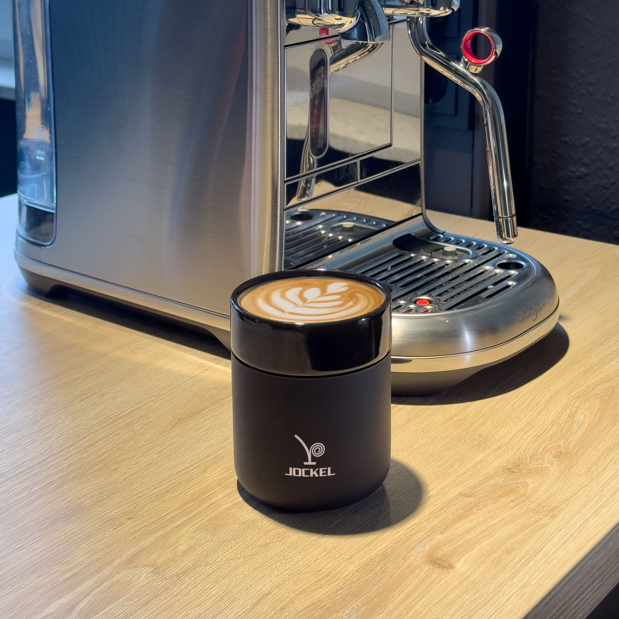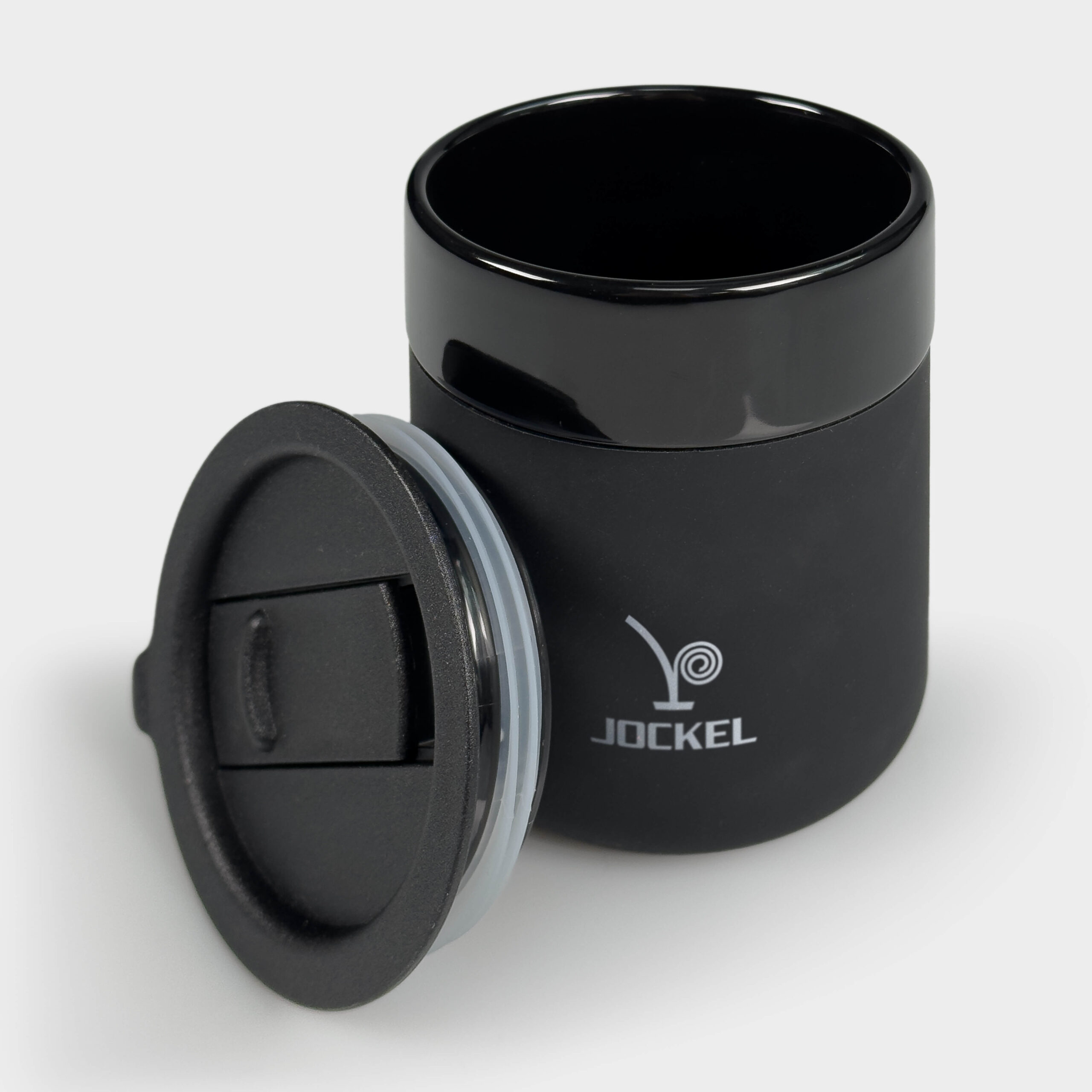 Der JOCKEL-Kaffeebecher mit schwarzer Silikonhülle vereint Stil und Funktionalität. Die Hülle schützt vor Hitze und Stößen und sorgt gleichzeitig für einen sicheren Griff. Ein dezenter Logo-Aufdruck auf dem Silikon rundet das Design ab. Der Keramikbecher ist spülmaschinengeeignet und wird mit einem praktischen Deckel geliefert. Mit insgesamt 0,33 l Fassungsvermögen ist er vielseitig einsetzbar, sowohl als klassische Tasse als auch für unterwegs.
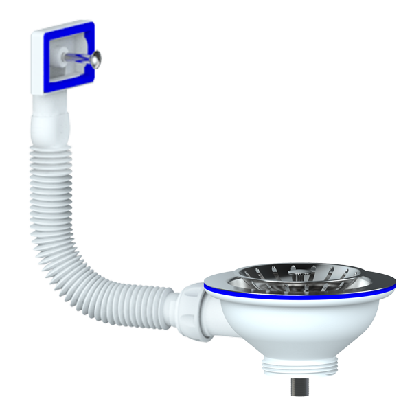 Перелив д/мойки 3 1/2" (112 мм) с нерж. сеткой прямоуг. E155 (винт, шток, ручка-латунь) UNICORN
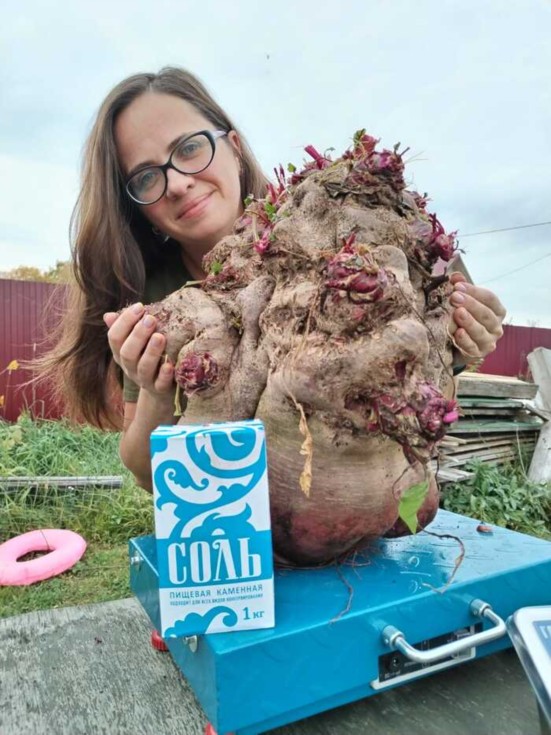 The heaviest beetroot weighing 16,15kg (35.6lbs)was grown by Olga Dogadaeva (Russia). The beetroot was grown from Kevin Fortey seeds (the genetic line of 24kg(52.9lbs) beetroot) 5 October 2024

> **Your task**:
All that is wanted is the lines from the one holding "Перелив д/мойки 3" through the end of the material, duplicated exactly, with no pictures.

> **Solution for this exercise**:
 Перелив д/мойки 3 1/2" (112 мм) с нерж. сеткой прямоуг. E155 (винт, шток, ручка-латунь) UNICORN
 The heaviest beetroot weighing 16,15kg (35.6lbs)was grown by Olga Dogadaeva (Russia). The beetroot was grown from Kevin Fortey seeds (the genetic line of 24kg(52.9lbs) beetroot) 5 October 2024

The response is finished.